To get the most out of GPT Crawler, consider these tips:

  • Choose the Right Selector: Spend time finding the precise CSS selector to avoid extracting unnecessary content like navigation menus or footers.
  • Limit the Crawl Scope: Use the match pattern to focus only on relevant pages. For example, if you’re crawling documentation, set match to include only documentation URLs.
  • Monitor File Size: If you’re dealing with large websites, use maxPagesToCrawl and maxFileSize to keep the output manageable.
  • Test with a Small Crawl: Before running a full crawl, test with a small number of pages to ensure your configuration works as expected.

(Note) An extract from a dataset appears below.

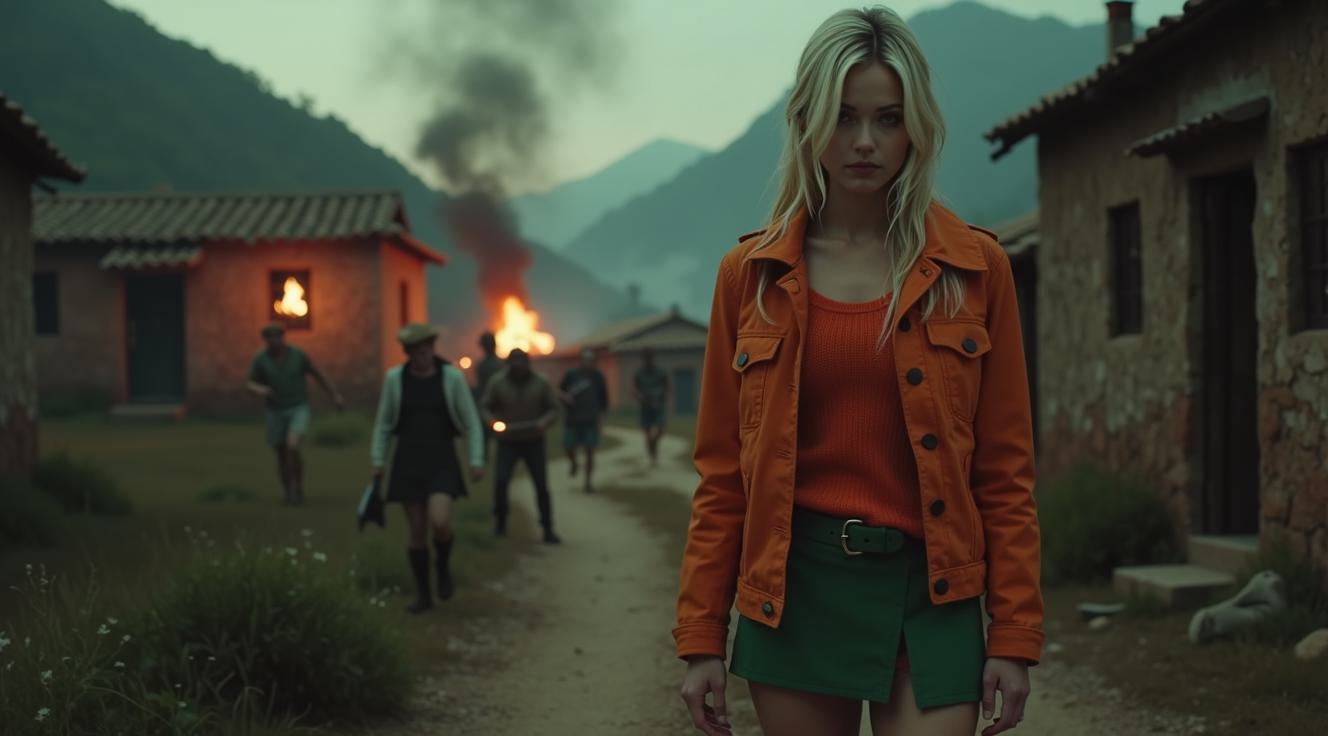 девушка Эшли Грэм блондинка из игры Resident Evil 4 одета в зеленую мини юбку, оранжевый джемпер и оранжевый пиджак, в испанской деревне, очень далеко на горизонте еле различимая толпа жителей одетых в деревенские костюмы с вилами факелами и топорами, один дом горит. мрачная атмосфера . реализм компьютерная графика

Why Custom AI Assistants Are a Game-Changer

Creating a custom AI assistant using GPT Crawler opens up a world of possibilities:

  • Enhanced User Experience: Provide instant, intelligent answers to user questions without them having to sift through documentation.
  • Time-Saving: Automate responses to common queries, freeing up your time for more complex tasks.
  • Scalable Knowledge Sharing: Turn your website’s content into a dynamic knowledge base that can be accessed anytime, anywhere.

Whether you’re building an assistant for internal use or for your customers, the benefits are clear: improved efficiency, better engagement, and a smarter way to leverage your content.


Troubleshooting Common Issues

Even with a straightforward tool like GPT Crawler, you might encounter some hiccups. Here are solutions to common problems:

Problem: The crawler isn’t extracting the content I want.

Solution: Double-check your CSS selector. Make sure it accurately targets the desired content. You can use your browser’s developer tools to verify the selector.

Problem: The output file is too large.

Solution: Adjust the maxPagesToCrawl setting to limit the number of pages crawled. Alternatively, use maxFileSize or maxTokens to control the file’s size.

Problem: The crawler is taking too long to run.

Solution: Reduce the number of pages to crawl or optimize your match pattern to exclude unnecessary pages.

Problem: I’m getting errors when uploading to OpenAI.

Solution: Ensure your file is in the correct JSON format and within the size limits. If needed, split the file or adjust your crawl settings.


Conclusion

In summary, GPT Crawler is a versatile and powerful tool that simplifies the process of crawling websites to create knowledge files for AI assistants. With its easy setup, flexible configuration, and seamless integration with OpenAI, you can quickly generate the data needed to build your own custom GPT or assistant. Whether you’re looking to enhance your project documentation, provide intelligent Q&A for users, or explore the possibilities of AI, GPT Crawler is an invaluable resource.

Ready to get started? Give GPT Crawler a try and unlock the potential of AI-powered knowledge today!